Group-Meeting Progress Update · 2026-06-08
Multimodal EPC Energy Prediction
An Uncertainty-Quantification · Calibration · Deployment-Robustness Framework
Jiahao Chen
KCL Engineering MSc
Context: Warm Home Healthy Life (Westminster City Council · Queen Park)
Data note: all quantitative results here are pre-retrain values (5-LLM / single-LLM); final figures will be refreshed once the Path-B retrain completes.
Recap

The contribution is the framework, not the model

Task: predict two energy scores — SAP (1–100) and EI (environmental impact) — from tabular + text + spatial inputs.

Two distinct “models” — never conflate

  • Predictor = the advisor’s three-encoder gated-fusion network (architecture frozen; the only component that outputs SAP/EI).
  • 6 LLMs = offline feature extractors turning free text into structured numbers (they do not predict the score).

Three contributions: the framework itself

Around two threads — robust (withstands input drift) + honest (abstains and defers to a human when unreliable).

1
Four-method UQ comparison — MC Dropout / deep ensemble / Conformal / CQR.
2
Cluster-conditional Mondrian conformal + 3-tier triage — per-cluster interval width, tiered handling.
3
LLM deployment-robustness benchmark — less degradation under text drift (+18.5pp).
Full system workflow · Overview

End to end: from raw EPC text to deployable uncertainty

Data & splits
EPC 124,990 rows
train/val/cal/test
unchanged
LLM feature extraction
text → 20 numbers
changed now
Three-encoder fusion predictor
tab+text+spatial
→ SAP / EI
unchanged
UQ / calibration / triage
contribution layer
hardened now
Deployable output
abstain & defer
when unreliable
unchanged (data splits / predictor architecture) this update (Path-B features + seven UQ improvements)

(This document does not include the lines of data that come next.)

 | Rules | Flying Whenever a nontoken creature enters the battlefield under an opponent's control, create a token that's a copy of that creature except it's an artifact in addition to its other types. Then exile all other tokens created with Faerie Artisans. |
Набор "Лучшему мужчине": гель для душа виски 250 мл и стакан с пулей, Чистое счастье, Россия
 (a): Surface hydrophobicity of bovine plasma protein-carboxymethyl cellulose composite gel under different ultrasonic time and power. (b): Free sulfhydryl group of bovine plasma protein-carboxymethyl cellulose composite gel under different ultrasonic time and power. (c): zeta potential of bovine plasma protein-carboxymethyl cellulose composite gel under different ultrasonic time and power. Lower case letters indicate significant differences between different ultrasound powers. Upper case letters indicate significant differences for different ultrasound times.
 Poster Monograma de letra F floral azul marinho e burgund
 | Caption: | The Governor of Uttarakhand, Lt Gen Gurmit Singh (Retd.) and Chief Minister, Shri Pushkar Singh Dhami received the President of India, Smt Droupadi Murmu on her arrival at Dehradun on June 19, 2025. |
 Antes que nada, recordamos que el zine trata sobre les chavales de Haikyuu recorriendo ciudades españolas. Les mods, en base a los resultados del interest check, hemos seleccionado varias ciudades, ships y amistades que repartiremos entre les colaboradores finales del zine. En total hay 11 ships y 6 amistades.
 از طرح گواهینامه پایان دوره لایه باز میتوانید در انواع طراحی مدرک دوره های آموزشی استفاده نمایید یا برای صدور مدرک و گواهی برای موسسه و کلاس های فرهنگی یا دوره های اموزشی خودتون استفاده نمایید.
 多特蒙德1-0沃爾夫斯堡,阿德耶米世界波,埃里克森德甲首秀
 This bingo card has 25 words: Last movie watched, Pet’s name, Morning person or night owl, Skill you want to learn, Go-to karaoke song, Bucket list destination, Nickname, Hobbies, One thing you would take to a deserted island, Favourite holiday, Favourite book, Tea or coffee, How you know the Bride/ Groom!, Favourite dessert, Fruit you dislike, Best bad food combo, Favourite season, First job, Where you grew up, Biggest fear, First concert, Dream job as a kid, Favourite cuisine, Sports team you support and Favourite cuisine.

How to read it: the chain has one predictor (advisor’s, frozen); the 6 LLMs only do features at step ②, never predict the score; all UQ (step ④) sits on the predictor’s ensemble. This update focuses on steps ② and ④.

Full workflow · Step ① / ④

Step ① Data & splits: one dataset, four uses

What data · how processed

  • UK EPC energy certificates — 124,990 property records.
  • Each has three input types: tabular fields (area / walls / heating…), free text (assessor notes), spatial (location).
  • Tabular is standardised/encoded, text goes to DistilBERT, spatial is encoded separately — the three are fused at step ③.

Four splits (fixed since V1, shared throughout)

SplitRowsUse
train74,994train the predictor
val18,748tuning / early stop
cal12,499conformal calibration only
test18,749final evaluation
unchangedSplits were fixed in V1 and identical across V1→V6, so every version’s numbers are comparable; the dedicated cal split is the prerequisite for conformal’s coverage guarantee.
Full workflow · Step ② / ④ · changed this update

Step ② LLM feature extraction: free text → 20 structured numbers

What it does · how

Each EPC text → 20 features (17 categorical + 3 numeric). These 20 join the 4 base numeric columns into 24 dims as extra input to the tabular encoder — a more robust “structured lane” for the model; it does not predict the score itself.

Before · V3

A single LLM extracted once, across all 124,990 rows. No redundancy, no cross-check — a single shot, so individual errors are invisible.

Now · Path B

6 LLMs each extract independently → consensus: categorical by majority vote, numeric by median, plus a per-feature agreement Fleiss κ. Re-extracted on clean text across all 4 splits, then retrained.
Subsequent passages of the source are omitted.